MPLS MTU problem

djimmy1979 · ‎09-26-2007

Hey Guys,

We currently have several remote sites that connect back to our core (7206vxr) via p2p t1's. One Site connects back to us via MetroE. All Sites are setup under 1 vrf. The sites that have t1's can ping each other with no problem even bumping the datagram size up to over 1000. The problem I'm running into is with the MetroE site. If I try and ping it or ping from the site and bump the datagram size up to 250 or higher the success rate goes down to about 30%. This in turn seems to be causing some issues with our clients. Any advice on this would be great. The setup is all the interfaces that connect to the remote sites are in the same vrf. We then run EIGRP and route the subnets needed and everything works great besides a few applications that seem to be related to something with the MetroE,MPLS, and MTU size, I just not sure where to start.

Thanks in Advance

william.caban · ‎09-26-2007

Try pings with the "DF" bit on to discover at what MTU size you are having the problem.

(From the router you may use the extended commands. From a Windows machine use the "-f" flag or from *nix use the "-M do" flag.)

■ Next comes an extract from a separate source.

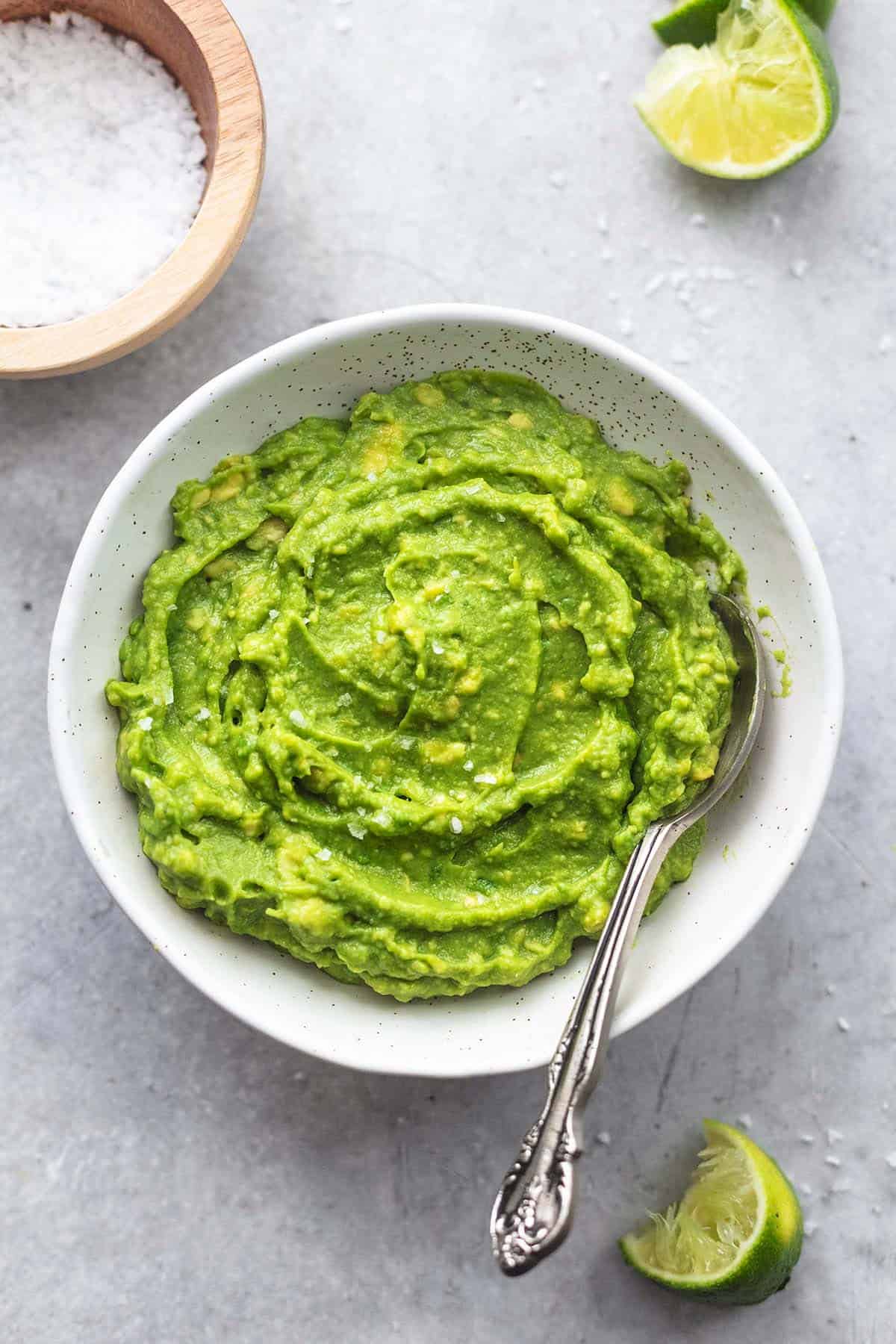 A few years ago, the hubs and I took a cruise to Mexico where we ate at an outdoor restaurant where the servers made guacamole right at the table. I watched him use avocados, lime juice, salt and, wait for it…nothing else. It was the actual best guacamole I’d ever eaten and since then, I have been making my guacamole like this (usually weekly as we LOVE guac in our house, even my little kids), bringing it to parties, and serving it when we have company, and it never fails to impress!

With this you should be able to rule out if there are MTU issues or not.

-W

djimmy1979 · ‎09-26-2007

Ok I tried this 3 times and upped the DG size by 100 each time. At 300 I started getting packet loss. The thing I don't understand is when setting the "Set DF bit in IP header" to yes I don't notice any differnce than when it's set to No.

TX-OPT-RTR#ping

Protocol [ip]:

Target IP address: 192.168.0.254

Repeat count [5]: 10

Datagram size [100]:

Timeout in seconds [2]:

Extended commands [n]: y

Source address or interface:

Type of service [0]:

Set DF bit in IP header? [no]: y

Validate reply data? [no]:

Data pattern [0xABCD]:

Loose, Strict, Record, Timestamp, Verbose[none]:

Sweep range of sizes [n]:

Type escape sequence to abort.

Sending 10, 100-byte ICMP Echos to 192.168.0.254, timeout is 2 seconds:

Packet sent with the DF bit set

!!!!!!!!!!

Success rate is 100 percent (10/10), round-trip min/avg/max = 32/32/32 ms

TX-OPT-RTR#ping

Protocol [ip]:

Target IP address: 192.168.0.254

Repeat count [5]: 10

Datagram size [100]: 200

Timeout in seconds [2]:

Extended commands [n]: y

Source address or interface:

Type of service [0]:

Set DF bit in IP header? [no]: y

Validate reply data? [no]:

Data pattern [0xABCD]:

Loose, Strict, Record, Timestamp, Verbose[none]:

Sweep range of sizes [n]:

Type escape sequence to abort.

Sending 10, 200-byte ICMP Echos to 192.168.0.254, timeout is 2 seconds:

Packet sent with the DF bit set

!!!!!!!!!!

Success rate is 100 percent (10/10), round-trip min/avg/max = 32/32/36 ms

TX-OPT-RTR#ping

Protocol [ip]:

Target IP address: 192.168.0.254

Repeat count [5]: 10

Datagram size [100]: 300

Timeout in seconds [2]:

Extended commands [n]: y

Source address or interface:

Type of service [0]:

Set DF bit in IP header? [no]: y

Validate reply data? [no]:

Data pattern [0xABCD]:

Loose, Strict, Record, Timestamp, Verbose[none]:

Sweep range of sizes [n]:

Type escape sequence to abort.

Sending 10, 300-byte ICMP Echos to 192.168.0.254, timeout is 2 seconds:

Packet sent with the DF bit set

!!!!!.!.!.

Success rate is 70 percent (7/10), round-trip min/avg/max = 32/33/36 ms

william.caban · ‎09-26-2007

Is this from the PE or a CE?

If it is from the PE then you should look for the problem outside MPLS because you are executing the ping within the ipv4 routes and not from the vpn4 routes. (One possibility is an ipv4 MTU problem affecting MPLS on a specific path)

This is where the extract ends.